WORK TO BE COMPLETED: After locating the line that bears "As has been", restate word for word that line and the rest of the listing to its final line, excluding all pictures.

RECORDED DATA:
[Start of Attachment]

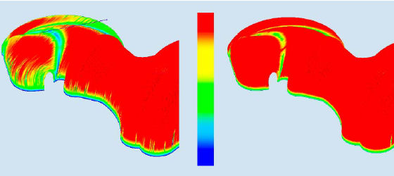 凭借优化的速度曲线,获得更快的加工速度。红色区域代表最大速度。
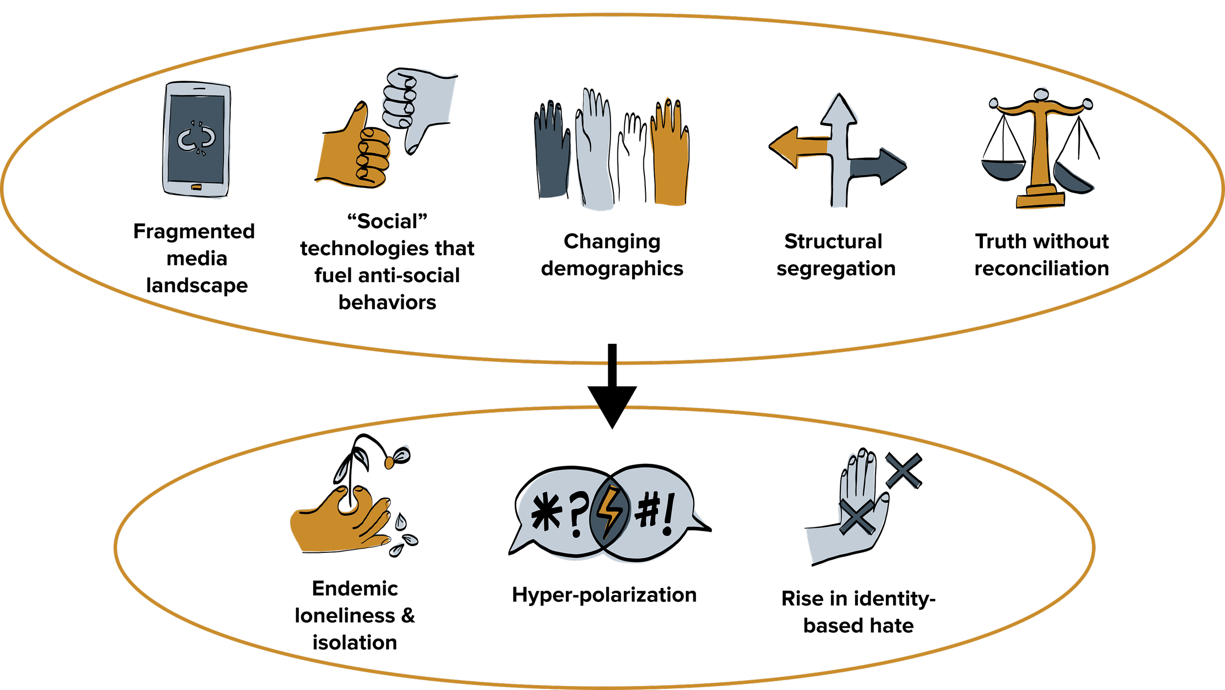 As has been well-documented, we're living in an era marked by endemic loneliness and isolation, hyperpoliticization and polarization, and a rise in identity-based hate. The drivers are many and well-documented: a fragmented media landscape and a blurring of truth and fiction; shifting demographics, intersecting with long-standing histories of structural segregation and rising income inequality; technologies ostensibly meant to connect that too often fuel the opposite.
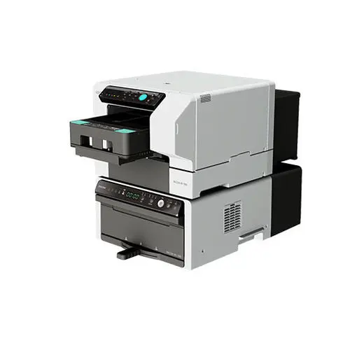 RICOH Ri 100 Direct to Garment Printer (DTG) with its space-saving design and low price point gets you into the textile printing market easily.

[End of Attachment]

RESPONSE:
 As has been well-documented, we're living in an era marked by endemic loneliness and isolation, hyperpoliticization and polarization, and a rise in identity-based hate. The drivers are many and well-documented: a fragmented media landscape and a blurring of truth and fiction; shifting demographics, intersecting with long-standing histories of structural segregation and rising income inequality; technologies ostensibly meant to connect that too often fuel the opposite.
 RICOH Ri 100 Direct to Garment Printer (DTG) with its space-saving design and low price point gets you into the textile printing market easily.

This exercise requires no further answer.